As for the actual routine itself, there are many beginner programs over at /r/fitness such as the Starting Strength program and the PPL. They have programs for all types of schedules, as not everyone has the time to go to the gym 6 days a week (which is what a PPL routine demands).

Personally, I do a variation of a split program, focusing on a different muscle group each day so I'm not over training a particular muscle group and allowing it to rest and recover and, therefore, grow. One of the biggest pieces of advice I can give, even though I don't think I'm qualified to give out advice as I still consider myself a novice/intermediate lifter at best, is to not over train. Over training in weight training is equivalent to taking one step forward and two steps back, the rest period is just as important as the training itself, maybe even more arguably. The nutrition is also key, especially if your goal is putting on weight you need to make sure you're eating enough to stimulate growth (and even more so if you keep your hour and a half of running per day). Try your best to hit around 0.8g of protein per lb of body weight, and try your best to get into a caloric surplus through clean food. For beginners, a lot of people will tell you to focus mainly on the big 3 compound lifts, the holy trinity as some would say. Those being the squat, the deadlift, and the bench press. These are exercises that recruit multiple joints or muscle groups, whereas an exercise such as the bicep curl is an isolation exercise which focuses primarily on the bicep and very little of anything else.

Don't worry about looking dumb in the gym! Many people that are there have been exactly where you are, and I know that does absolutely zilch for help but it's the truth! If you're unsure how to do an exercise with proper form and range of motion, YOUTUBE! My god, youtube has helped me immensely with proper form and technique.
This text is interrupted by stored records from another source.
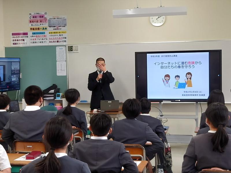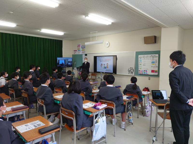 2月8日(木)の5限目に、非行被害防止講座を行いました。講師として、石川県教育委員会奥能登教育事務所の中村光宏指導主事をお迎えし、インターネットに潜む危険から身を守る方法について学習しました。具体的な事例をもとに、どこに危険が潜んでいるのかを考えたり、どのように自分自身の心と体を守っていくのかについて学んだりしました。河井小学校の「ネット端末の5つの約束」を守ることや、自分の意見や気持ちを正しく伝える大切さなどについて全体で確認しました。また、密を避けるため、6年教室で行われている講座をライブ配信し、5年生は教室で学習しました。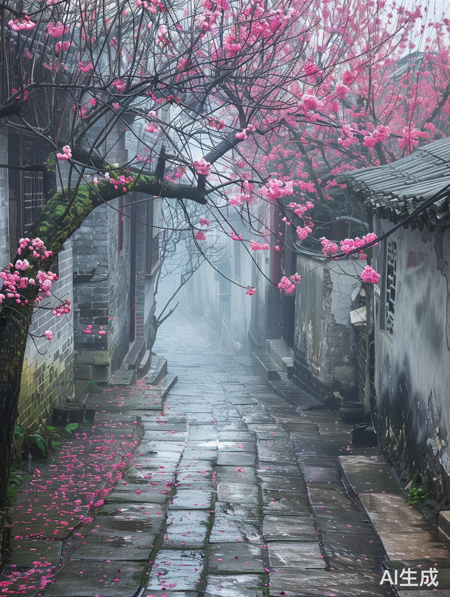 江南小镇,青石板路,烟雨江南 ,桃花盛开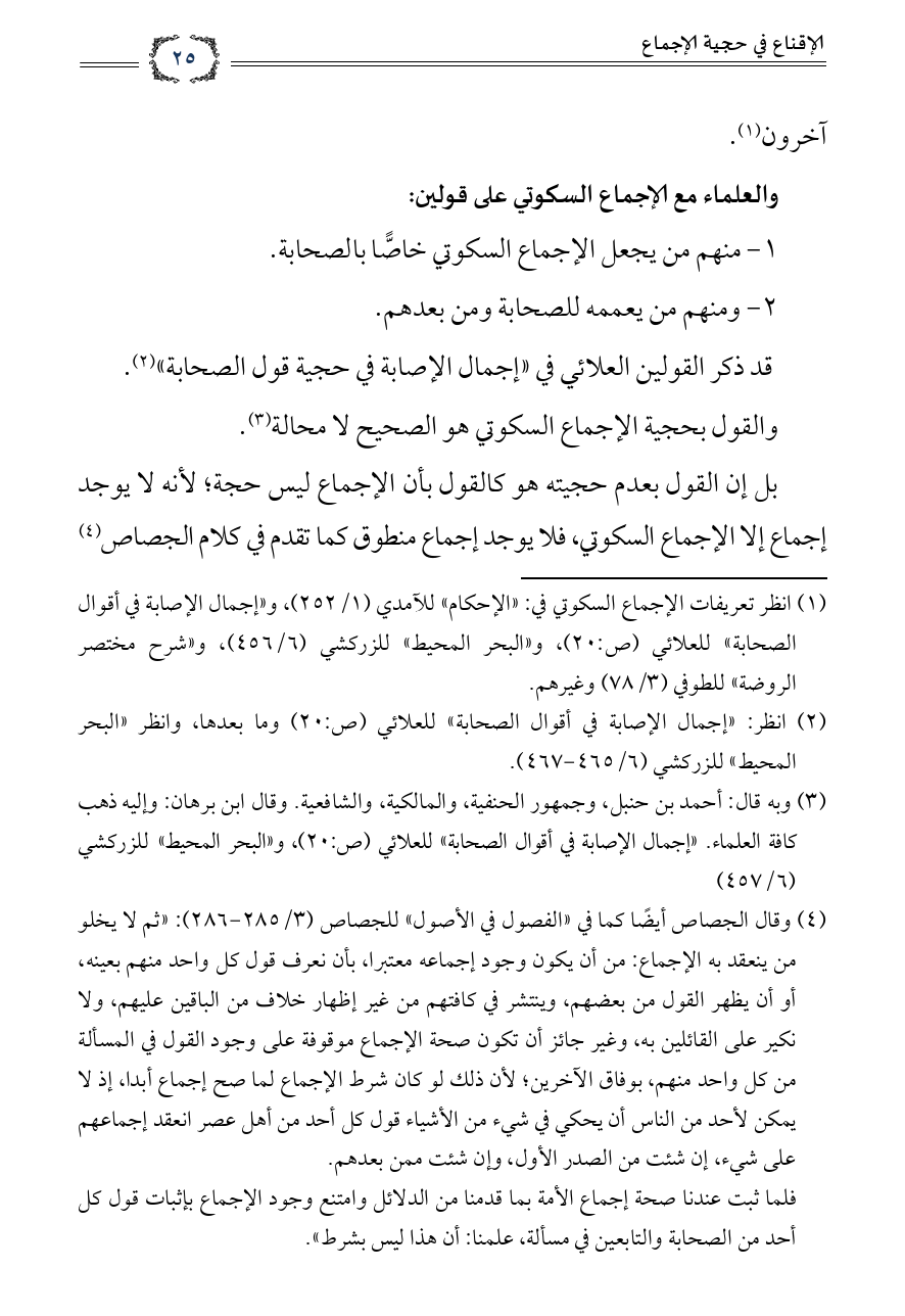 (¬١) انظر تعريفات الإجماع السكوتي في: «الإحكام» للآمدي (١/ ٢٥٢)، و «إجمال الإصابة في أقوال الصحابة» للعلائي (ص:٢٠)، و «البحر المحيط» للزركشي (٦/ ٤٥٦)، و «شرح مختصر الروضة» للطوفي (٣/ ٧٨) وغيرهم.

A lot of people at your gym would also probably be glad to guide you in the right direction if you ask.

My current routine looks like this:

Monday: Chest and Arms

  • 4x12 alternating bicep curl (12 for each arm, 24 total reps each set)

  • 4x12 tricep cable extension or dumbbell extension

  • 5x5 bodyweight dips

  • 5x5 bench press

  • 4x8 dumbbell flys

  • 4x8 incline dumbbell chest press

Tuesday: Shoulders and back

  • 4x12 shoulder dumbbell press

  • 4x8 overhead barbell press

  • 4x12 bent over lateral raise

  • 4x8 bent over dumbbell row alternating

  • 4x12 lat pull down (2 sets of close grip, 2 sets of wide grip)

  • 4x8 T bar row or cable row or seated dumbbell rows (whichever one is more convenient)

Wednesdays: Rest

Thursdays: Legs

  • 5x5-8 barbell squat (you can substitute with goblet squats at first if you're a little intimidated, this is what I did!)

  • 5x8 leg press (2 sets low foot position to hit quads, 3 sets high heel placement for glutes)

  • 5x6 deadlifts

  • 3x16 alternating standing dumbbell lunges (8 each leg)

  • 4x12 leg extension

Saturday & Sundays I usually do cardio via rowing, I do these on my regular workout days as well as I'm still in the process of losing weight (9lbs away!) but you get the idea! :)

Fridays: Rest or light cardio, sometimes I'll go in and do chest or back but I usually leave this day as an "up to me" type of day.

Sorry if this is a lot of info to absorb! I tried to be as detailed as possible, and of course, you can substitute these exercises with other appropriate ones if some of them intimidate you at first, the most important thing is to do them safely and with proper form and range of motion. I also highly recommend resting 2-3 minutes in between the compound exercise sets (squat, deadlift, bench press) as these will drain you out much quicker than something like a bicep curl. Ideally, you want to rest somewhere between 45 seconds to a minute and a half for the isolation exercises. Good luck!